I would say it's very rare for a new couple to find things go at the same pace. I have been there when she rushes things more than me at the start, and there have been times when I have been the one rushing. It's sometimes hard to judge and if I am moving too fast and told to slow it, thats fine. Its about communication at the end of the day and if the other person ignores you then that is a red flag.

There's a big difference between 'not going at the same pace' and 'smothering' though.

Sometimes a person might be keener on us than we are them, that's fine, so long as they respect appropriate social boundaries.

It's not fine if they start telling you they have deleted all their dating apps a couple of dates in. That's rushing intimacy.

Same thing goes for picking you up after night out. They are not your boyfriend. They're someone you've had 2 dates with. Its creepy.

There are things that don't need to be communicated because they are obvious social norms. Someone who buldozes societal boundaries, will bulldoze your boundaries too.

febbabies2023 · 16/07/2024 20:37

Update: I messaged him and told him that I needed to take a step back for a few days at least whilst I'm working things out (stressful time at work, home, kids, the ex etc) and that I just needed a little break.

Fully expected him to actually reply but he didn't so.. gives me my answer!

I mean he may be processing what I said but I did think I'd get some response!

Thanks for your help ladies, looks like this one's dead in the water!

OP posts:
C1N1C · 16/07/2024 20:46

Lol, I could see all the above red flaggers trying to find this guy themselves after you drop the axe...

febbabies2023 · 16/07/2024 21:46

@C1N1C to be fair the guy hasn't really done anything wrong! Just a bit intense for me maybe 😂 I can only assume he's feeling a little hurt which is why he hasn't responded to me which is fair and he has a right to do

OP posts:
LoyalMember · 17/07/2024 08:34

febbabies2023 · 16/07/2024 21:46

@C1N1C to be fair the guy hasn't really done anything wrong! Just a bit intense for me maybe 😂 I can only assume he's feeling a little hurt which is why he hasn't responded to me which is fair and he has a right to do

Yes, he's more than likely stunned into silence because you've sussed him out this early on.

DucklingSwimmingInstructress · 17/07/2024 19:19

You've handled this well, @febbabies2023

You were entitled to go at your own speed and to ask him to slow down a bit.
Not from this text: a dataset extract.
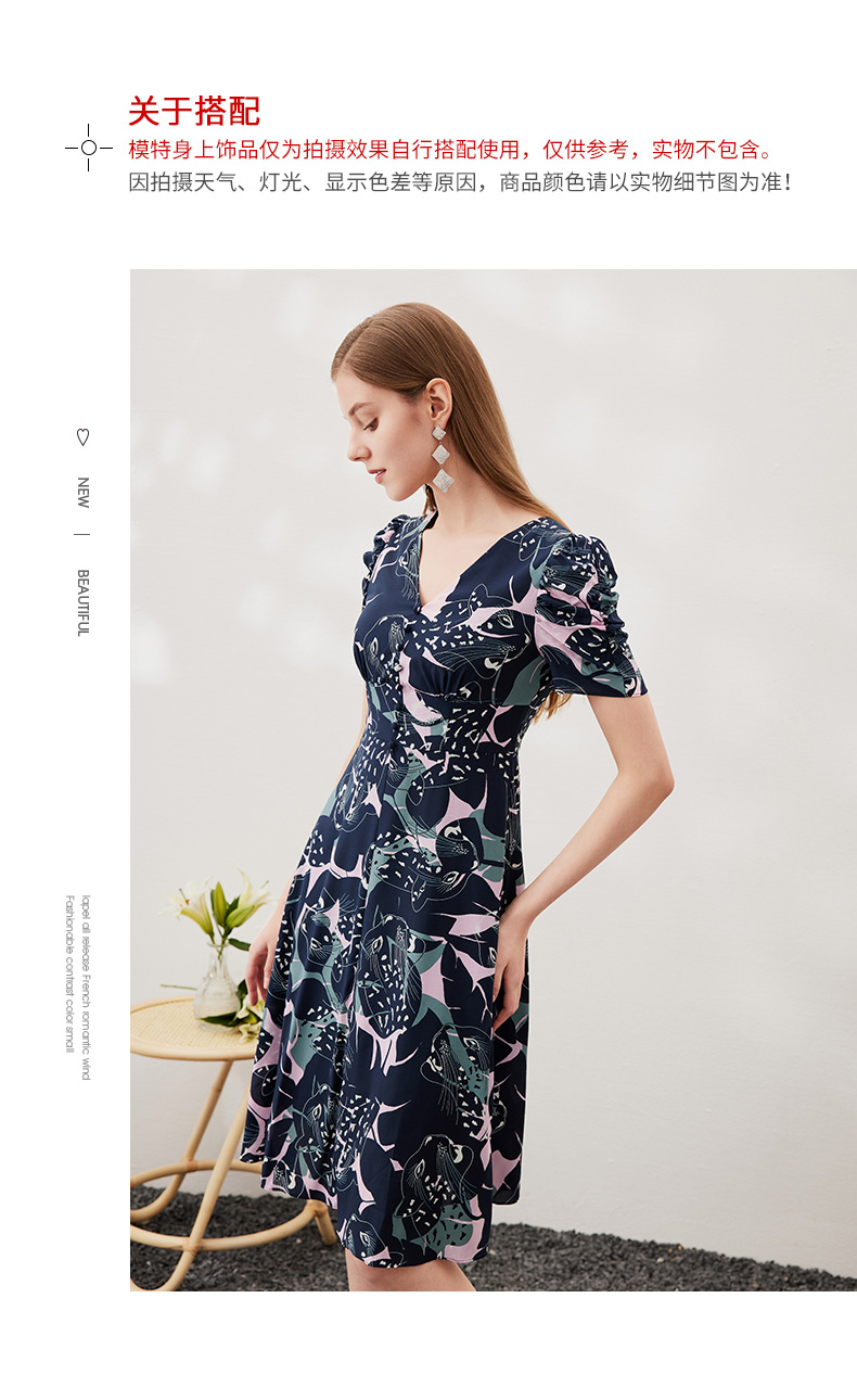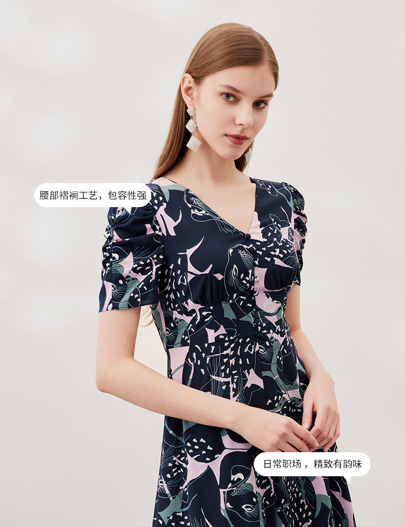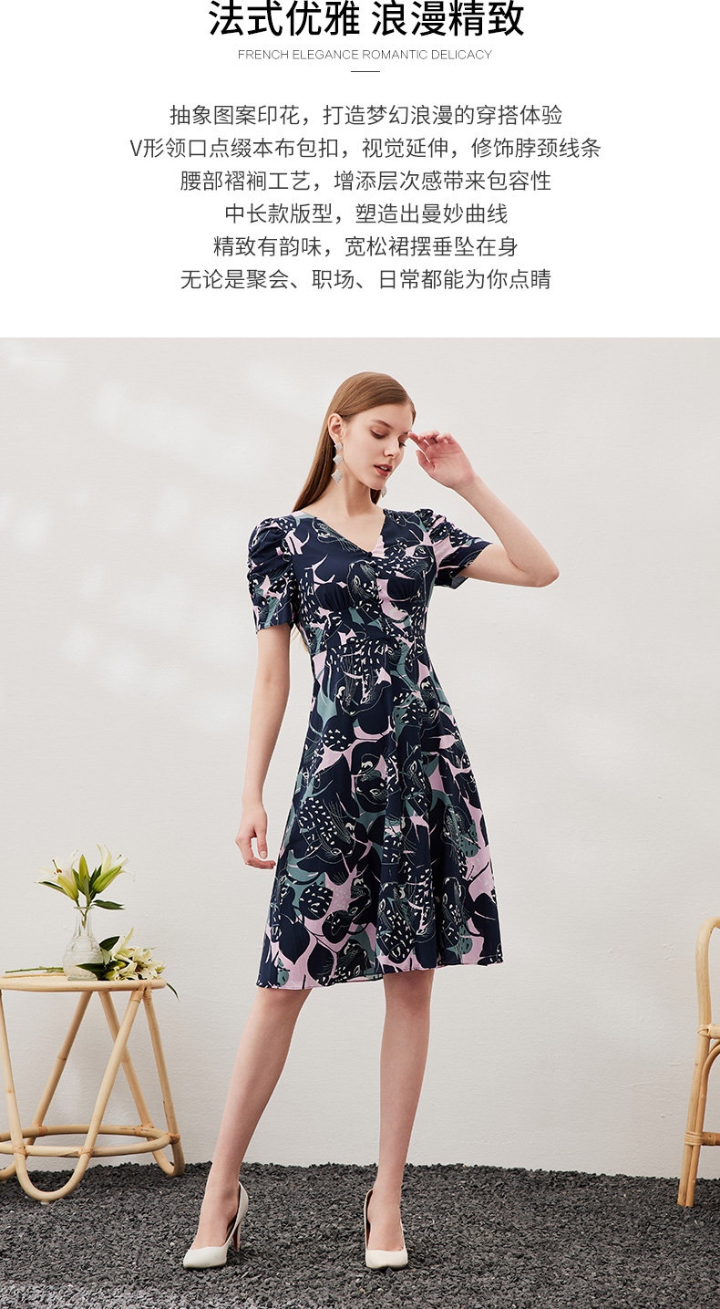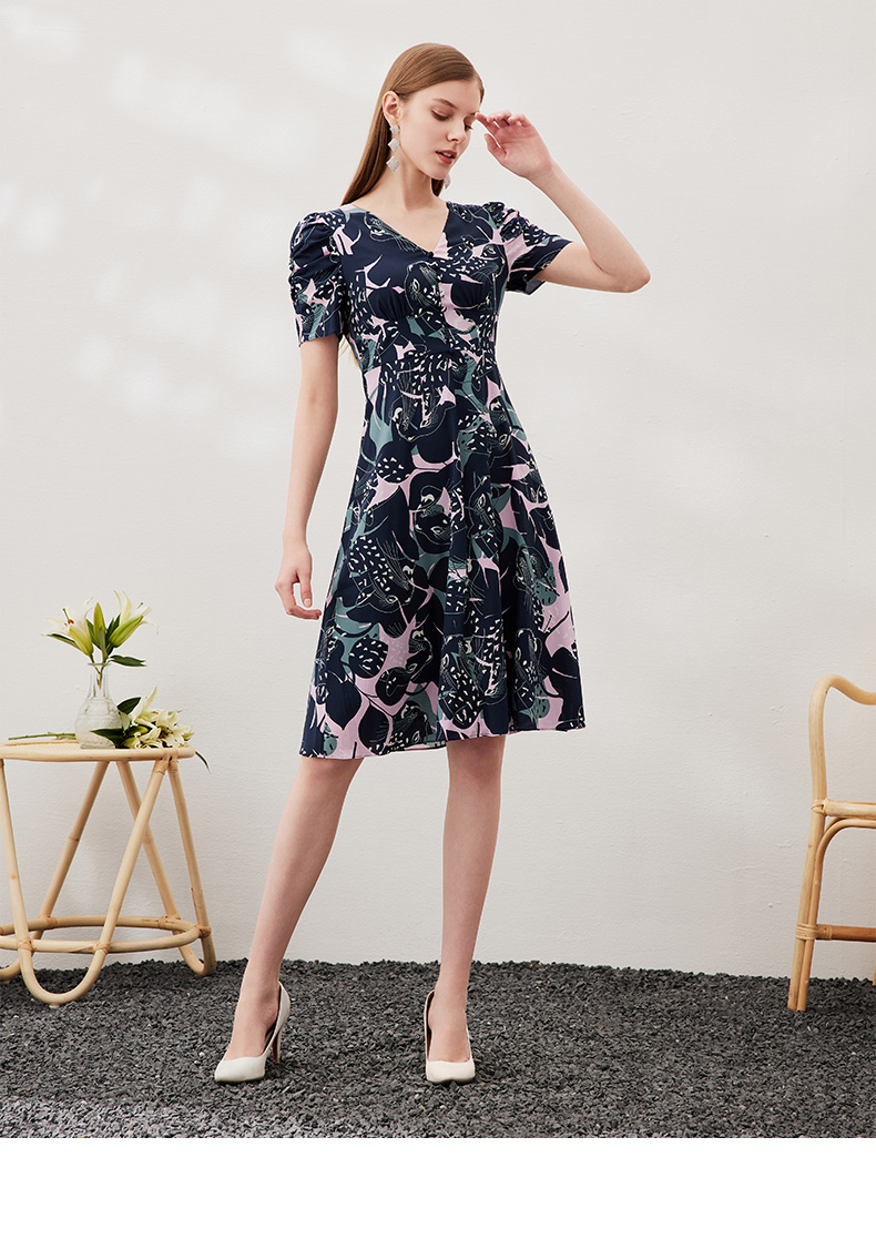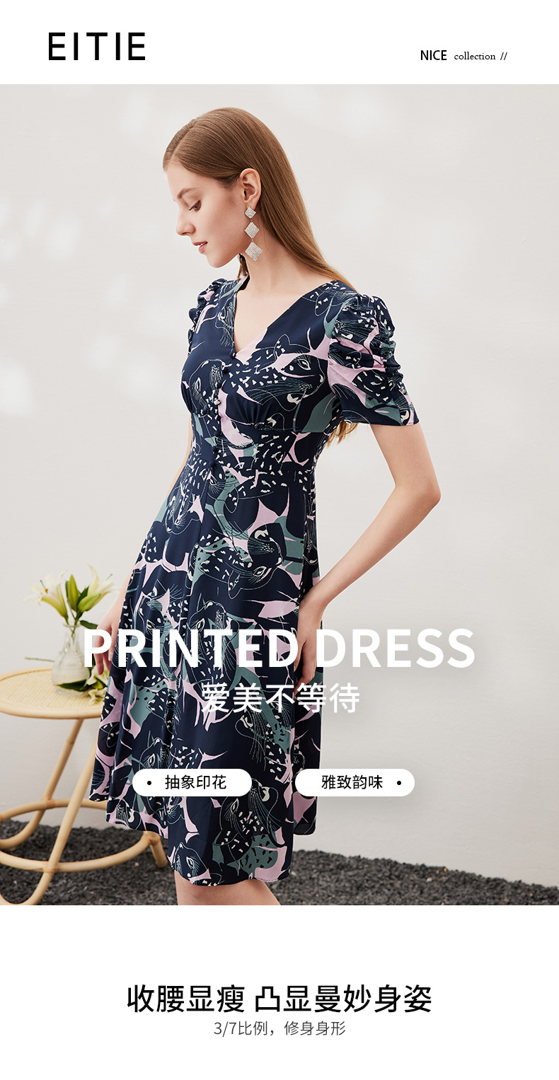 EITIE爱特爱夏款新品时尚V领显瘦高腰舒适印花连衣裙7007769

If he has not replied, maybe he just needs a couple of days to process it, and then he'll get back in touch and respect what you said. If not then he wasn't compatible with you.

febbabies2023 · 17/07/2024 20:13

@DucklingSwimmingInstructress absolutely! I don't need someone who's going to have a tantrum when I ask for a breather. I have two kids already, I don't need a third! 😂

OP posts:
Samedaysameshit · 17/07/2024 23:05

LoyalMember · 17/07/2024 08:34

Yes, he's more than likely stunned into silence because you've sussed him out this early on.

Sussed him out.
Sorry im not sure what he did wrong here?
Should he have acted all uninterested and aloof, maybe cancelled a date 20min before they were due to meet because “ something has come up”
Treat um mean to keep um keen.
Hes probably just wondering what went wrong.
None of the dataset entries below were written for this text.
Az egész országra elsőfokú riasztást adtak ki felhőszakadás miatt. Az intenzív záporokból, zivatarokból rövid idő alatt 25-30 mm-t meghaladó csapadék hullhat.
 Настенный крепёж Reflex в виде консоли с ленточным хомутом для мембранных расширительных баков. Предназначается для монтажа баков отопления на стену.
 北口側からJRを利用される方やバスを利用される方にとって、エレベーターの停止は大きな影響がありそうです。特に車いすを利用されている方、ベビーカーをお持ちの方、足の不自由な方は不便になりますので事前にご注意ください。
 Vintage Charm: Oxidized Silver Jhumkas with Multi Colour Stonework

Pinkbonbon · 17/07/2024 23:11

Wouldn't be surprised if he is hoping the silent treatment will freak you out enough to make you chase him. And when he realises that isn't working, it'll be some other tactic or a barrel of abuse. Best case scenario, he's fucked off because he can't handle being told no.
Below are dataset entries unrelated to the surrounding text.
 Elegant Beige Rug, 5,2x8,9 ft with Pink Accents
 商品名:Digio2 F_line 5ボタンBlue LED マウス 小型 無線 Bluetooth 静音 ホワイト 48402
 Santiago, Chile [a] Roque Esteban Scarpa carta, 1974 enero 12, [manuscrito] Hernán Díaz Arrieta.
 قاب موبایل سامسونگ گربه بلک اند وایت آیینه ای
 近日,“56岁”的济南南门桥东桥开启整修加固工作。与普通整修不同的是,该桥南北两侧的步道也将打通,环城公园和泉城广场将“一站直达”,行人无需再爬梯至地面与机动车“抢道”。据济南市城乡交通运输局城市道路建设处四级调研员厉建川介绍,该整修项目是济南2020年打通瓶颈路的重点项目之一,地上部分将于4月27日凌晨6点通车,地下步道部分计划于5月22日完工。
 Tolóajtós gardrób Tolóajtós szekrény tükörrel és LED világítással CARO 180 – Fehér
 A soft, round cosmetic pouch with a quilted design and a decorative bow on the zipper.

LoyalMember · 18/07/2024 08:30

Samedaysameshit · 17/07/2024 23:05

Sussed him out.
Sorry im not sure what he did wrong here?
Should he have acted all uninterested and aloof, maybe cancelled a date 20min before they were due to meet because “ something has come up”
Treat um mean to keep um keen.
Hes probably just wondering what went wrong.

Edited

Offering to pick someone up from a night out with their friends is too much too soon. It's needy and creepy, after only a couple of dates, possibly both.